During the meeting, the two officials discussed other issues of common concern, including US beef exports to China, US restrictions on high-technology exports to China, China's market economy status and the promotion of US tourism in China.

Bo said he hoped the US side would end restrictions high-tech exports to China, a common concern to companies from both sides. He further hoped that the US would assist China to have its market economy status recognized.

Gutierrez will stay in Beijing for two days before leaving for Shanghai on Wednesday. He is also scheduled to meet with Vice Premier Wu Yi and Premier Wen Jiabao, and address the press. In Shanghai, Gutierrez and his business delegation will continue with specific meetings.

Analysts said Gutierrez's visit was partly aimed at expanding US exports to China. The 25 business delegates are all leaders of big firms, including some already operating in China such as Lucent Technologies and McGraw-Hill, and newcomers like Westinghouse and America's second-largest insurance company Aon Group.

The two officials spoke with the delegates after the meeting. The entrepreneurs told Bo their respective businesses and their progress in Chinese market before appealing to the Chinese government to improve the nation's investment environment.

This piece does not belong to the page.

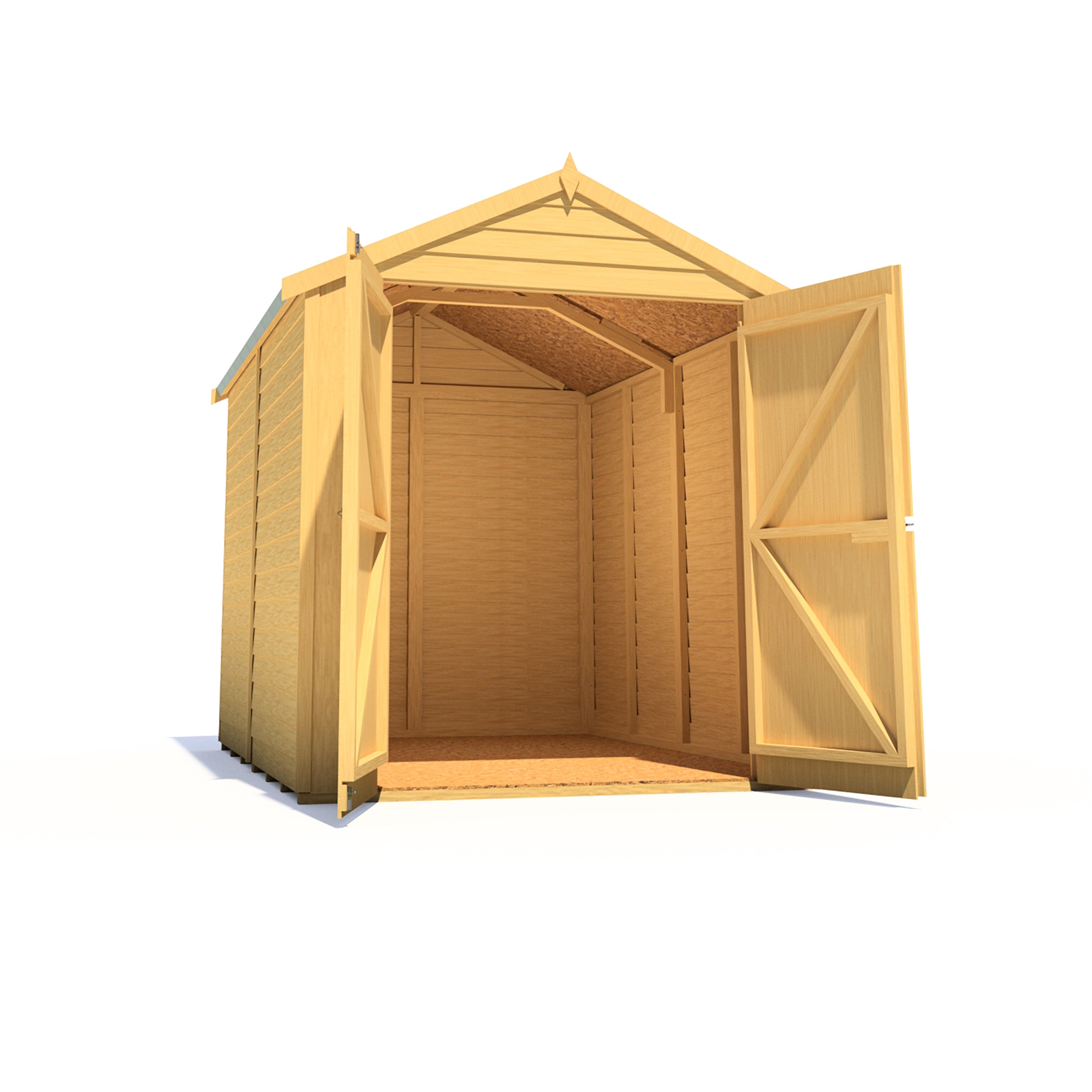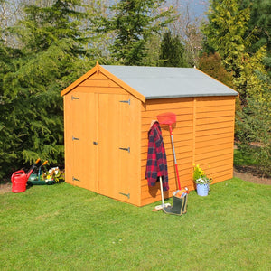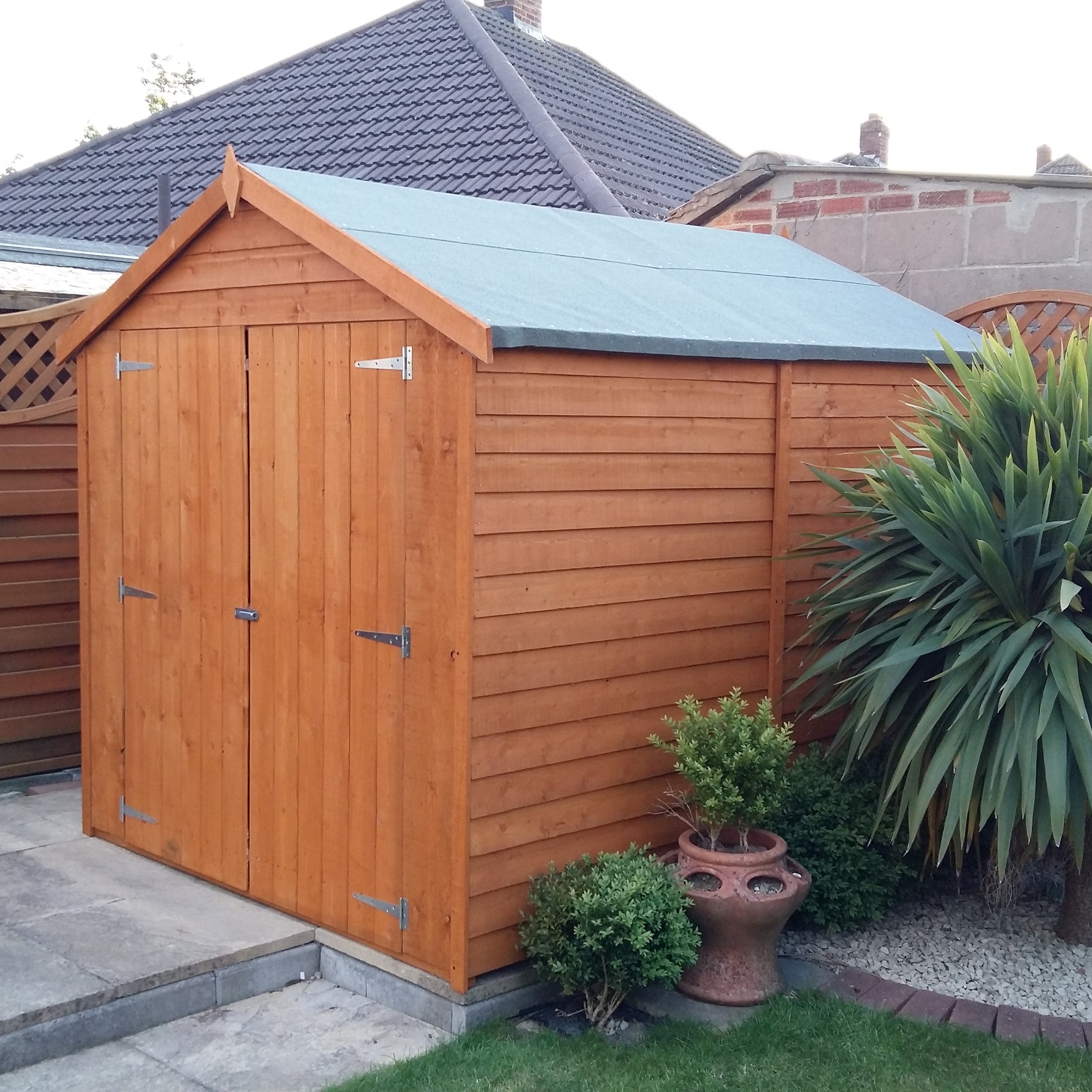 The 8' x 6' Overlap Double Door shed is distinguished from many of its competitors because of the wide double doors in the 6' gable and the generous eaves height which means that there is easy access to the entire space. It is manufactured from high grade, slow grown, FSC approved, European pine cladding boards over 34mm square framing. The doors are fitted with a hasp and staple catch ready for your own padlock. Both roof and floor are constructed from solid sheet OSB. There are no windows in this model. The building is dip treated with a basecoat ready for top coating by the customer immediately on installation. All fixings, mineral roof felt and assembly instructions are provided. (Imperial dimensions are approximate to the nearest foot, please refer to the exact metric dimensions given) Following your order, you will be sent a link to choose your delivery day. On the morning of delivery day you will also receive tracking information. Before you assemble your building, you will need a base which is flat and level to a sufficient size. Grass, soil or gravel are not sufficient as they will move with the weight of a building.

The delegates' major concerns rested on market transparency, IPR protection, and government services to the companies.

Bo said the Ministry of Commerce had noted the concerns, and would act on them to push forward Sino-US trade relations.

He invited the delegates to expand cooperation with China, especially in areas including solar and nuclear energy, environmental protection, medical services and the retail sector, as cooperation was conducive to Chinese social and economic development.

He said China still offered big opportunities in the financial and communication sectors.